Taiwan blocks KKR-backed Yageo deal

The Taiwanese government has blocked a plan by Kohlberg Kravis Roberts and the chairman of Taiwan’s Yageo Corporation to take the electronic components manufacturer private in what would have been Asia’s biggest private equity deal this year.

The rejection is a blow to Taiwan’s reputation as a destination for foreign investment, coming after a string of similar rejections or delays imposed by the government on large cross-border mergers and acquisition deals. The most notable example was AIG’s two-year attempt to sell Nan Shan, its Taiwan subsidiary, which is only now nearing completion.

KKR and Pierre Chen, who founded Yageo in 1977, in April offered T$16.10 per share, a 14 per cent premium to Yageo’s undisturbed share price, for the rest of the company. The bid valued Yageo – the world’s biggest maker by sales of chip resistors, which control the voltage passing through a chip – at $1.6bn.

The Investment Commission, which reviews all foreign investment into Taiwan, said it rejected the deal because the acquirers did not give sufficient explanation as to “the protection of investors and shareholders and the fairness of the offer price”.

It also expressed concern about the company’s capital adequacy after the highly leveraged transaction, fearing that it raised the potential of default that would have “serious impact on [Taiwan’s] capital markets.”

But people close to the deal said KKR and Mr Chen had already secured about 70 per cent of Yageo’s shares from the general offer, far above the 50 per cent required by Taiwan regulations to carry out the privatisation. The offer deadline was this Friday, after the government earlier imposed a one-month extension.
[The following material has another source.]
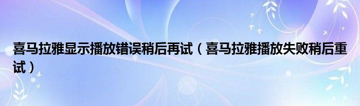 大家好,跳跳为你解答以上问题。喜马拉雅显示播放错误稍后再试,喜马拉雅播放失败稍后重试这个问题很多人还不知道,现在让我们一起来看看吧!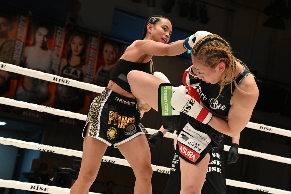 โดย นักชกสาวไทยวัย 24 ปี ขึ้นสังเวียนเป็นคู่เอกของรายการ กติกาคิกบ็อกซิ่ง 48 กก. พบกับ เมอิ มิยาโมโตะ กำปั้นเจ้าถิ่นวัย 28 ปี ดีกรีแชมป์ รุ่นมินิฟลายเวต RISE QUEEN ครั้งที่ 4

CY Huang, chairman of the Taiwan Mergers & Acquisitions and Private Equity Council, an industry body, said the rejection would probably cause other investors to think twice about Taiwan-related deals. Mr Huang estimates there is $3bn-$4bn worth of such deals in the pipeline.

He said the timing of the commission’s move was particularly unfortunate because the improvement in cross-Strait relations over the past two years is now finally attracting investors to Taiwan.

“For the first time in ten years people are getting excited about Taiwan, and now the government does this,” he said. “If you have a legal environment, you should respect the shareholders’ views,” he added, referring to the 70 per cent of Yageo shares the acquirers have received.

KKR and Mr Chen said on Wednesday they would maintain the existing partnership and continue to invest in Yageo despite the government’s rejection, and have not decided whether or not to appeal. KKR and Mr Chen have 30 days to appeal against the decision.

“KKR remains committed fully to its investment in Yageo and its partnership with the company’s leadership and management,” KKR said.

KKR and Mr Chen were interested in taking Yageo private to gain greater flexibility to raise funds and increase research and development investment as the company moves to close the gap with higher-end Japanese component makers.

Mr Chen believes that on a long-term perspective, the new shareholding structure would enable investment in accelerated high-end product development as well as deeper penetration into western markets.

Yageo shares closed down 1.4 per cent at T$13.70 in Taipei trading.